- _Work request_: Return the following from the records below: each line, word for word, starting with the line that contains "厦门工行支付宝转账2000-10" and going on through the line that contains "ประกาศกรมอุตุนิยมวิทยา เตือน 37", with nothing outside that range.

Stored entries

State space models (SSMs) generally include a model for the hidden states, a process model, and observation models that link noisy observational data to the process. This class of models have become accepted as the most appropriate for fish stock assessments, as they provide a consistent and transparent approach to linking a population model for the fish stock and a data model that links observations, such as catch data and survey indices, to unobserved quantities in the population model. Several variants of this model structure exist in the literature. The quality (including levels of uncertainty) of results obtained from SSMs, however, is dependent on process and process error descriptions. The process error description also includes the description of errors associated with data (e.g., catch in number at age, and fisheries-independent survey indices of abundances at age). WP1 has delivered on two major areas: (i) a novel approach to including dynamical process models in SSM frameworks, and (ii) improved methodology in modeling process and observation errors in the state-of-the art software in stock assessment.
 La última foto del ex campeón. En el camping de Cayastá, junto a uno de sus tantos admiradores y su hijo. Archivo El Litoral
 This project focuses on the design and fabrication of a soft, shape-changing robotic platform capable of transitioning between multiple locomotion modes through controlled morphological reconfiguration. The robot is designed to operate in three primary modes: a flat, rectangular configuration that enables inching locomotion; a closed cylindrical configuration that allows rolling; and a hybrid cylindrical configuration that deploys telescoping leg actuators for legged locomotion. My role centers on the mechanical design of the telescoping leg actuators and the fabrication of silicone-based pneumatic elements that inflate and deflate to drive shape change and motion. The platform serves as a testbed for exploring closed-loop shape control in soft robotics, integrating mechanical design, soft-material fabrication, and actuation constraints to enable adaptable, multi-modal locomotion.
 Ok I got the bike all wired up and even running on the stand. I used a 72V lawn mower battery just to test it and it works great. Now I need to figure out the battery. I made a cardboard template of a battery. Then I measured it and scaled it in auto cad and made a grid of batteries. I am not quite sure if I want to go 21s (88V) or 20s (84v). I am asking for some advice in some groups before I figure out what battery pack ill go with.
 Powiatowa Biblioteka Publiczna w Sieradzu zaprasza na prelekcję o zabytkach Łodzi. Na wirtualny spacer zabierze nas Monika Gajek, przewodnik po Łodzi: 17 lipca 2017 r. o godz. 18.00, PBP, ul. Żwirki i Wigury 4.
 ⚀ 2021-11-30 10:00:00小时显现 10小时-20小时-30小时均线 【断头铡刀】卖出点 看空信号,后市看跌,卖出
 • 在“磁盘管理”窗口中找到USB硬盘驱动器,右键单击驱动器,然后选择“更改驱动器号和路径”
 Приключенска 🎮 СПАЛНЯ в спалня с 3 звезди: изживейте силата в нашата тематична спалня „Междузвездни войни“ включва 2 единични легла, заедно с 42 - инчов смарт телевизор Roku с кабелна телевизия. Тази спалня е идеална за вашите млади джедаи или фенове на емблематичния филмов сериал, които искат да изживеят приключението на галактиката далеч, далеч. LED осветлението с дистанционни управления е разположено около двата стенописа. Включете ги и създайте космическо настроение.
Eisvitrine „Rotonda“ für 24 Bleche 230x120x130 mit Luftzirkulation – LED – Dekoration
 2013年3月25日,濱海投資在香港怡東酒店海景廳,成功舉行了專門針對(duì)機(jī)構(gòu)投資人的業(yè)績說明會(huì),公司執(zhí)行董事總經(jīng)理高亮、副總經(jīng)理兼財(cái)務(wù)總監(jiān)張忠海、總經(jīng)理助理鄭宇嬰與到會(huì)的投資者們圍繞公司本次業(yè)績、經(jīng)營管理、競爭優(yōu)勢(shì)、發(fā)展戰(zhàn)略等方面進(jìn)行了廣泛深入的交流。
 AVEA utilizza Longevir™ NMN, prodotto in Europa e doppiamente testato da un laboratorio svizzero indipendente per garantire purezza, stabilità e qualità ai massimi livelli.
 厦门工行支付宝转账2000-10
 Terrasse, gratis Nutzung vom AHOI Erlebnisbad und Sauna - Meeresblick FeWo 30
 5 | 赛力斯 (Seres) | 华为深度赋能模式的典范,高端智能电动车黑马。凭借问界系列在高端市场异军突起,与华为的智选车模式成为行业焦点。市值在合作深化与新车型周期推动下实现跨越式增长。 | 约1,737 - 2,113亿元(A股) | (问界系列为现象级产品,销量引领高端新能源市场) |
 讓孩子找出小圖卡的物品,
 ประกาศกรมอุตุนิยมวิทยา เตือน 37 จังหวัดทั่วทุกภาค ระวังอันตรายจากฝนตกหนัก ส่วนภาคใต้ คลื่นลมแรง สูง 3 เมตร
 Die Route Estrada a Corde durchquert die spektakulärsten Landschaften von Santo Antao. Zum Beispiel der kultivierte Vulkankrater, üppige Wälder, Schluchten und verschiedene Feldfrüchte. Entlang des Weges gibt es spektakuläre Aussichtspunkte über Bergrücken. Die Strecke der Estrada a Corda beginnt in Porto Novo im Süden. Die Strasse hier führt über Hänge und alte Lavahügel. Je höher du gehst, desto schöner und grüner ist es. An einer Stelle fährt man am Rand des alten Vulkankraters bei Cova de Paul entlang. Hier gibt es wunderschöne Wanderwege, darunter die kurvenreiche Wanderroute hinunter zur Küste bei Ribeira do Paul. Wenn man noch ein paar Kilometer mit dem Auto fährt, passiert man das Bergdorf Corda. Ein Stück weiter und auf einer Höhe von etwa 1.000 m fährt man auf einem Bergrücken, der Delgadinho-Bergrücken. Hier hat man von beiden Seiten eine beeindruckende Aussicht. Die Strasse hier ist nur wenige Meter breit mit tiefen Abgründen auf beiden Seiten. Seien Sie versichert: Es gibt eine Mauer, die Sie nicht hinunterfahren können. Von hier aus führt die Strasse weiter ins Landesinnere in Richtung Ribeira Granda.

- _Exercise answer_:
 厦门工行支付宝转账2000-10
 Terrasse, gratis Nutzung vom AHOI Erlebnisbad und Sauna - Meeresblick FeWo 30
 5 | 赛力斯 (Seres) | 华为深度赋能模式的典范,高端智能电动车黑马。凭借问界系列在高端市场异军突起,与华为的智选车模式成为行业焦点。市值在合作深化与新车型周期推动下实现跨越式增长。 | 约1,737 - 2,113亿元(A股) | (问界系列为现象级产品,销量引领高端新能源市场) |
 讓孩子找出小圖卡的物品,
 ประกาศกรมอุตุนิยมวิทยา เตือน 37 จังหวัดทั่วทุกภาค ระวังอันตรายจากฝนตกหนัก ส่วนภาคใต้ คลื่นลมแรง สูง 3 เมตร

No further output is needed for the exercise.